Studio album by John Hiatt
- Released: September 7, 1993
- Studio: Conway (Hollywood, California); Ocean Way (Hollywood, California);
- Genre: Rock
- Length: 52:31 / 57:30
- Label: A&M
- Producer: Matt Wallace

John Hiatt chronology
| Stolen Moments (1990) | Perfectly Good Guitar (1993) | Hiatt Comes Alive at Budokan? (1994) |

Singles from Perfectly Good Guitar
- "Perfectly Good Guitar" Released: 1993; "Cross My Fingers" Released: 1993; "Something Wild" Released: 1994; "Buffalo River Home" Released: 1994;

= Perfectly Good Guitar =

Perfectly Good Guitar is singer-songwriter John Hiatt's eleventh album, released in 1993. It was his last studio album with A&M Records, despite it being Hiatt's highest-charting album in the US (No. 47), Canada (No. 34), the UK (No. 67), the Netherlands (No. 13), and Sweden (No. 11). The European edition of the album contains the bonus track "I'll Never Get Over You." Iggy Pop first issued the song "Something Wild" on his 1990 album, Brick by Brick. Hiatt toured in support of the album. The tour lasted 13 months.

== Recording and release ==
The album was recorded in two weeks at the Conway Studios, and Ocean Way Recording Studios, both in Hollywood, CA. It was produced by Matt Wallace.

Perfectly Good Guitar was released by A&M Records on September 7, 1993. The album debuted and peaked at No. 47 on the Billboard 200 chart. "Perfectly Good Guitar" was the first single released. The song was inspired by a televised performance by Nirvana, where the band's bassist Krist Novoselic threw his bass into the air, intending for it to fall and shatter on the ground, but instead, the instrument ended up hitting him on the head. The single debuted at No. 37, and peaked at No. 16 on the Mainstream Rock chart. "Cross My Fingers" was the second single from the album. The third single was "Something Wild," it debuted and peaked at No. 31 on the Mainstream Rock chart.

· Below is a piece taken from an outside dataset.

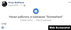 • 8 июня. Байбаков отмечает в Фейсбуке, что начал работать на новом месте (оригинал поста, сохраненная копия). Название компании он не называет, заменяя его на таинственное "Somewhere" ("Где-то"), но пишет в посте "С182" – так сокращенно обозначают модель одномоторного самолета Cessna 182, одной из самых популярных и массовых машин в истории мирового авиастроения (с 1956 года выпущено более 25 тысяч единиц).

The fourth single was "Buffalo River Home." The single failed to chart, but a music video was made for it, directed by Paula Greif.

== Critical reception ==

Troy J. Augusto of Cash Box calls the album a "loose, windswept and jumping affair that sees Hiatt kick out an assortment of musicals jams, making for his most satisfying album in many a moon." AllMusic's Stewart Mason writes that producer Matt Wallace gives a "Neil Young-style guitar crunch to most of the songs," and that Hiatt "seems to borrow not only Young's guitar sound, but also his sloppy, inconsistent songwriting for this album," adding "John Hiatt has released far worse albums than Perfectly Good Guitar, but given how terrific about a third of the songs are, this album's one of his more frustrating efforts."

Professional ratings
Review scores
| Source | Rating |
| AllMusic | Star Half star |
| Robert Christgau | (choice cut) |
| Rolling Stone | Star |

==Track listing==
All tracks are written by John Hiatt, except where noted.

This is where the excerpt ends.